Risk Management Strategies for Financial Institutions in Mexico Take Center Stage
A new report released by Banco de México and the United Nations has highlighted the urgent need for Mexican financial institutions to incorporate environmental issues into their risk assessment and corporate governance strategies.
Climate and Environmental Risks and Opportunities in Mexico’s Financial System: From Diagnosis to Action
The report, titled “Climate and Environmental Risks and Opportunities in Mexico’s Financial System: From Diagnosis to Action,” is a comprehensive diagnosis of the current state of readiness among Mexican financial institutions in assessing climate, environmental, and social risks.
Key Findings
According to the study, which surveyed senior management at over 60 institutions:
- Nearly 90% of the credit portfolio of the banking system is not adequately prepared to address environmental and social risks.

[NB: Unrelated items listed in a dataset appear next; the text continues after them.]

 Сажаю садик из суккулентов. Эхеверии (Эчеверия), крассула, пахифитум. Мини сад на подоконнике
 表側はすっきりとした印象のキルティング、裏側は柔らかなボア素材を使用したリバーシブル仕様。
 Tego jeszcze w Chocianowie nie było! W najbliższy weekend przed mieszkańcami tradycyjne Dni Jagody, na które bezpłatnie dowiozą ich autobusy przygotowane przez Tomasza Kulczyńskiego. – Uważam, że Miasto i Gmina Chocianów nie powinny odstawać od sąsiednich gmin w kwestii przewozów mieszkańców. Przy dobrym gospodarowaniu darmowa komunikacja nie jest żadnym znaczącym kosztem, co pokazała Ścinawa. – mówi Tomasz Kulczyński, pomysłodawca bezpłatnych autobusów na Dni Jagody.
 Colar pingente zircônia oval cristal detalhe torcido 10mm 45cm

- 80% of assets reported by fund managers are not adequately prepared to address these risks.
- 90% of assets managed by retirement funds administrators are not adequately prepared to address these risks.
- 44% of assets reported by insurance companies are not adequately prepared to address environmental and social risks.
Recommendations
The study recommends that financial institutions:
- Develop scenario analysis capabilities and strategies to better understand and manage relevant social and environmental data.

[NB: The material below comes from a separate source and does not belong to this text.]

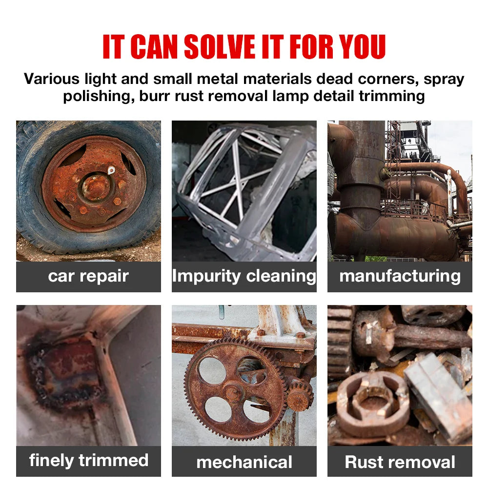 SUITABLE FOR-Suitable for spray polishing, burr, derusting and other details trimming of all kinds of metal material dead corner and surface in manufacturing industry, automobile maintenance, and mechanical equipment industry, etc.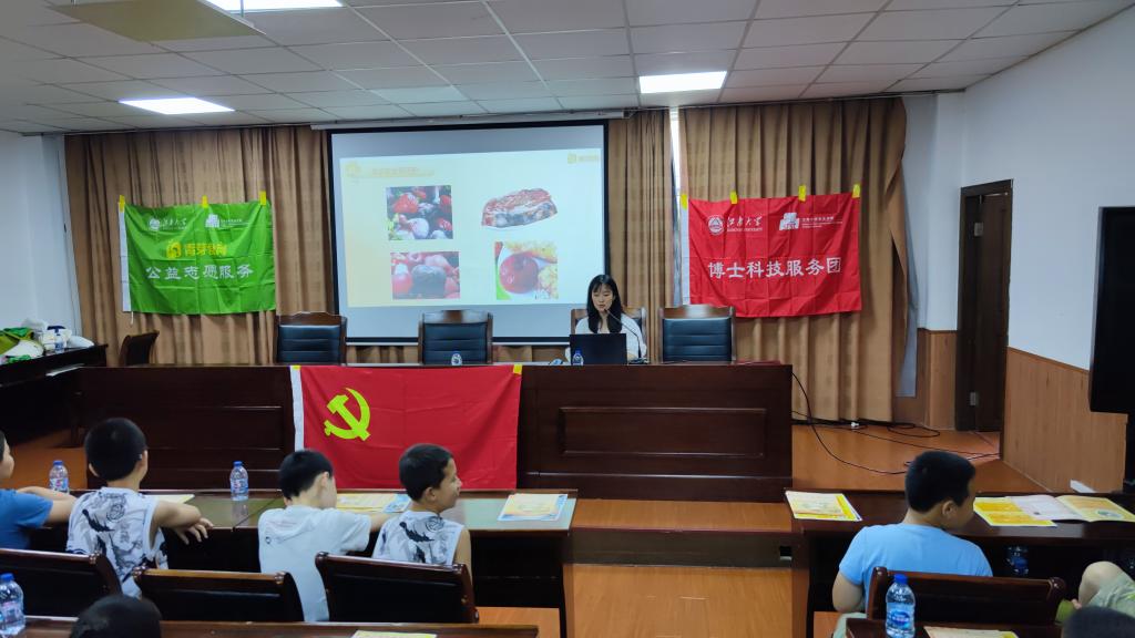 食品学院“青芽食育”大学生科普教育及实践团队走进绿园社区儿童会场,本期食育课堂主讲人——博士生党员陈冲、刘坤面向社区6-10岁儿童开展主题为《食品安全小小守护者》的教育教学活动,并与小朋友们进行实验互动,为儿童讲解科学、易懂的微生物知识。食品安全进社区团队走进康定社区中老年会场,3名博士(赵璞《膳食营养搭配》、杜美军《夏日食物中毒的防治》、张金《浅谈保健食品》)针对老百姓普遍关心的食品问题带来三场科普讲座,将所学专业知识运用到居民的日常饮食生活中,提高了乡村老人的食品安全意识。

- Set up the proper competencies to process this data and put in place disclosure and transparency policies.
- Reinforce governance competencies and set out a roadmap at the board level to integrate Environmental, Social, and Governance (ESG) risks and opportunities into mainstream risk management and business strategies.

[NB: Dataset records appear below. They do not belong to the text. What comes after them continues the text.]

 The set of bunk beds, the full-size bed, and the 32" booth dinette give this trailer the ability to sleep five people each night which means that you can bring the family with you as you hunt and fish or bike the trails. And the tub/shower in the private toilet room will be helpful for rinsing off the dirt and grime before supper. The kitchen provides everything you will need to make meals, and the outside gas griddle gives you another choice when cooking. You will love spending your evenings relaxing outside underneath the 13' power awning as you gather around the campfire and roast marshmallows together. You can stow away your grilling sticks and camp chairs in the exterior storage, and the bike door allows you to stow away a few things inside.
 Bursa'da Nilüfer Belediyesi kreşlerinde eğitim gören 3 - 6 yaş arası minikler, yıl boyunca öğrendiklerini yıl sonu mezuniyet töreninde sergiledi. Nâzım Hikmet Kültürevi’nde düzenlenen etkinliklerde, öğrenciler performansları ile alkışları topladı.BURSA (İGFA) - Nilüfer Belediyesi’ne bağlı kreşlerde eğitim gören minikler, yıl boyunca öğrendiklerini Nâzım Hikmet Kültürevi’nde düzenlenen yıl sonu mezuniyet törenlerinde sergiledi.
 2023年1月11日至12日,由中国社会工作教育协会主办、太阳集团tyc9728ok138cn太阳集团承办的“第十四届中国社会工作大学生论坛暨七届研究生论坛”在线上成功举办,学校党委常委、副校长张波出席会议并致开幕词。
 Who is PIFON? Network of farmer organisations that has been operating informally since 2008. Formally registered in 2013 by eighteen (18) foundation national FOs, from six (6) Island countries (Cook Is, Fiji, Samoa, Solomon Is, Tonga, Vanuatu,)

Response from International Organizations
The report’s findings were welcomed by:
- Inger Andersen, Executive Director of UNEP: “It is clear that we need to manage risk far better than we currently do, and this becomes more vital in the context of climate change which remains the existential challenge facing humanity.”
- UNDP Administrator Achim Steiner: “The financial sector’s role in tackling environmental degradation is critical. The report’s recommendations for clear timelines and commitments at the board level to incorporate social and environmental aspects into major plans of action are essential.”
Commitment from Banco de México
Governor of Banco de México Alejandro Díaz de León expressed his confidence that the report will serve as a basis for the development and implementation of standardized methodologies and criteria in the evaluation of environmental and social risks, essential for long-term prosperity. The initiative is seen as a collective effort by all actors in the financial system to address the critical challenges of climate change and environmental degradation.
Conclusion
The report emphasizes the urgent need for Mexican financial institutions to incorporate environmental issues into their risk assessment and corporate governance strategies. With nearly 90% of the credit portfolio not adequately prepared to address environmental and social risks, it is crucial that financial institutions develop scenario analysis capabilities and strategies to better understand and manage these risks. The report’s recommendations provide a roadmap for financial institutions to integrate ESG risks and opportunities into mainstream risk management and business strategies.